Circolare n. 5-26
CCNL Metalmeccanica industria ipotesi di accordo del 22 novembre 2025
5 febbraio 2026
Desideriamo informarvi che in data 22 novembre 2025 è stata sottoscritta l’ipotesi di accordo per il rinnovo del Contratto Nazionale per l’industria metalmeccanica sottoscritto da Federmeccanica, Assistal, Fim Cisl, Fiom Cgil e Uilm Uil.
Di seguito forniamo una scheda sintetica delle principali novità oggetto del rinnovo, seguita da un’analisi dei singoli istituti interessati.
Scheda sintetica rinnovo CCNL Metalmeccanica industria
Introduzione causali contratti a tempo determinato Dal 22 novembre 2025 non sarà più possibile apporre le causali individuate dalle parti, per esigenze di natura tecnica, produttiva e organizzativa sostituite da quelle introdotte nel CCNL (vedi infra). Per i contratti precedentemente instaurati e ancora vigenti, le clausole apposte tra le parti continueranno a produrre i loro effetti, fino a scadenza naturale degli stessi.
Welfare contrattuale Dal 1° gennaio 2026, entro il 1° giugno di ogni anno (per il 2026 entro il mese di febbraio) dovranno predisporsi strumenti di welfare del valore di 250,00 euro.
Trattamento economico Vedi tabella infra
Quota contribuzione una Tantum Ai lavoratori non iscritti ai sindacati FIM-FIOM-UILM è richiesta una quota straordinaria di 30 euro per ciascuno degli anni 2026, 2027 e 2028, da trattenere nel mese di giugno;
Somministrazione di lavoro Dal 1° gennaio 2026, il lavoratore in somministrazione a tempo indeterminato che abbia prestato attività nella stessa azienda per oltre 48 mesi complessivi, anche non continuativi e con mansioni equivalenti, matura il diritto all’assunzione a tempo indeterminato da parte dell’impresa utilizzatrice.
Mansioni Il lavoratore ha diritto al passaggio al livello superiore se svolge mansioni superiori per 60 giorni continuativi o 120 non continuativi in un anno, oppure 6 mesi non continuativi in tre anni; per i livelli B1, B2, B3 e A1 il diritto matura dopo 4 mesi continuativi o 9 mesi non continuativi in tre anni.

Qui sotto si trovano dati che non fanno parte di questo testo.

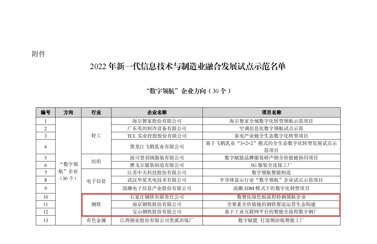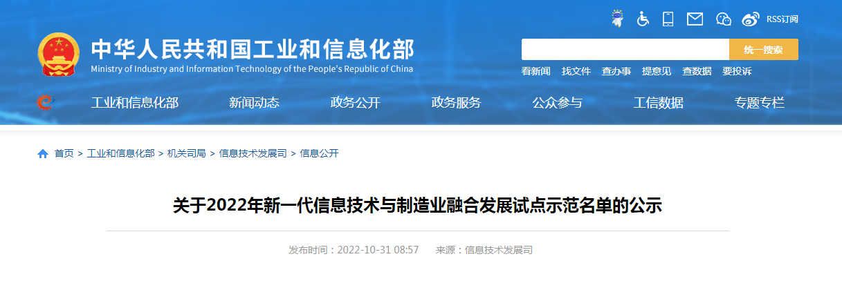 根據(jù)《工業(yè)和信息化部辦公廳關(guān)于組織開(kāi)展2022年新一代信息技術(shù)與制造業(yè)融合發(fā)展試點(diǎn)示范申報(bào)工作的通知》(工信廳信發(fā)函〔2022〕196號(hào)),經(jīng)企業(yè)自主申報(bào)、地方推薦、專(zhuān)家評(píng)審等環(huán)節(jié),形成了2022年新一代信息技術(shù)與制造業(yè)融合發(fā)展試點(diǎn)示范名單。

Orario di lavoro Vedi infra
Aspettativa e permessi per malattia figlio Nelle aziende con più di 150 dipendenti, i lavoratori migranti con almeno 5 anni di anzianità possono ottenere, una volta ogni tre anni, un’aspettativa non frazionabile da 1 a 2 mesi per ricongiungimento familiare, nel limite dell’1% del personale contemporaneamente assente. Dal 1° gennaio 2026 sono previsti 3 giorni annui di permesso per malattia dei figli fino a 4 anni, con indennità a carico dell’azienda pari all’80% della retribuzione netta che il lavoratore avrebbe percepito lavorando.

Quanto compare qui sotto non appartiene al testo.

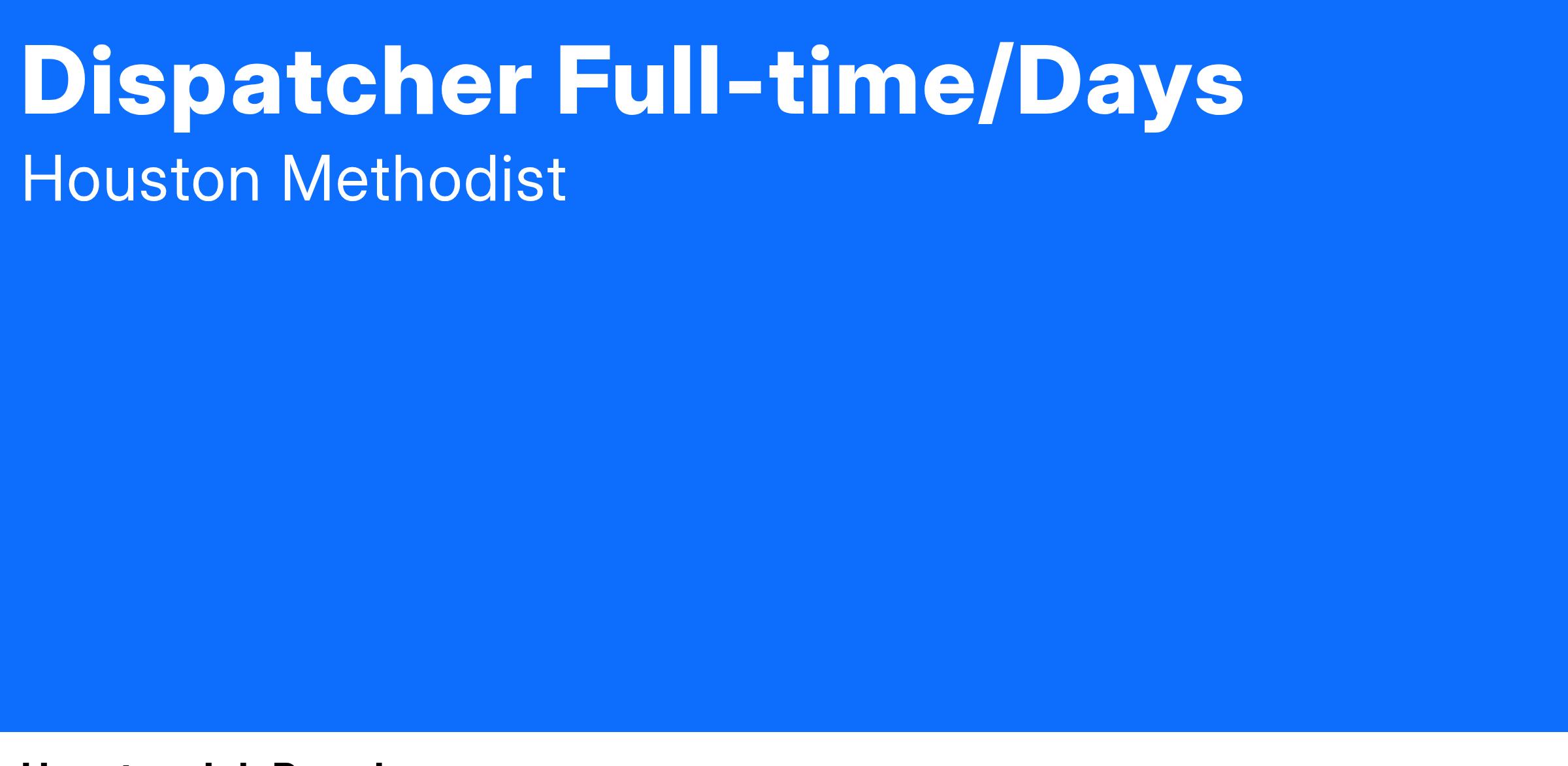 At Houston Methodist, the Dispatcher position is responsible for dispatching, tracking, and recording of maintenance requests assignments which include but not limited to: work orders, demand maintenance, preventive maintenance, painting, grounds keeping, and contractor services. This position may also be responsible for monitoring security access control, intrusion, video, communications, infant abduction, report management, and emergency management systems and coordinating and dispatching routine and emergency responses to security staff and additional departments as needed. The Dispatcher position serves as point person for customers in initiating and determining the status of work order and customer follow up review on completed work, proactively estimating work orders and assignments to allow adequate resource scheduling for each area. This position assists management in determining available resources and scheduling and provides support in screening and handling telephone calls and assist in routing departmental activities.

Pari opportunità Le parti promuovono un modello organizzativo inclusivo; nelle aziende con almeno 50 dipendenti, su richiesta delle RSU, le direzioni devono fornire dati su occupazione, retribuzioni e saldo assunzioni/cessazioni, con evidenza del personale femminile, nell’anno precedente al rapporto di genere.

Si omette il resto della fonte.